On Fri, Mar 14, 2014 at 6:11 AM, Ulrich Windl
<[email protected]> wrote:
>> There's of course a maintenance cost for using DNs as references - when DNs
>> are changed, you might also need to change every entry that references them,
>> which makes updates more expensive. But again, that's part of the LDAP
>> design:
>> writes can be more expensive, because reads must be as fast as possible.
>
> I tend to disagree: I think the DIT designers mixed up names and IDs right 
> from the beginning. I guess that's why every entry has a DN, and not a DID 
> (Distinquished ID). To me it seems that did not foresee that a DN might 
> change. Maybe it was due to UUIDs not being used at that time. Today you can 
> learn for the web trackers how to manage IDs correctly ;-)
>
> Maybe they new the DIT schema would be less attractive if you had 
> "non-speaking" DIDs instead of DNs rich of semantics.

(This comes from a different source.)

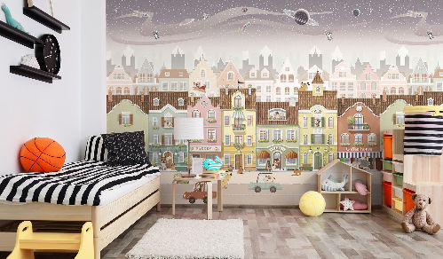 Вы обязательно подружитесь с этими забавными героями. Милые зверюшки живут в своем маленьком городе, в лесу, путешествуют на воздушных шарах и велосипедах, самолетах. Также сюда входят новые детские карты мира. Все дизайны выполнены в нескольких цветовых вариациях, чтобы вы могли подобрать гармоничный вариант для вашего проекта комнаты.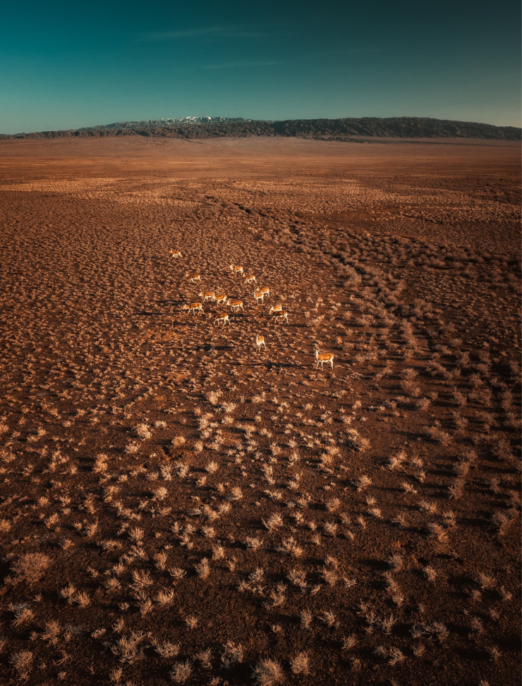 "Мне повезло. Вдалеке увидел маленькую стаю джейранов, решил заснять их на дрон, одна стая маленькая привела меня к еще большей, они слились и получились кадры с огромной стаей. Это огромная редкость, нечасто можно их застать", - делится Александр Кузнецов.

But that virtual 
> attractiveness seems to be a major problem: What happens if "dn: cn=Jane 
> Smith, ou=people, o=example.org" gets married or divorced?
>

Maybe I'm confused here but isn't that what modrdn and moddn are for??
These two opetarions _do not_ change the entryUUID, but many popular
tools do because they do not use modrdn and moddn but rather delete
and re-create effectively changing the entryUUID.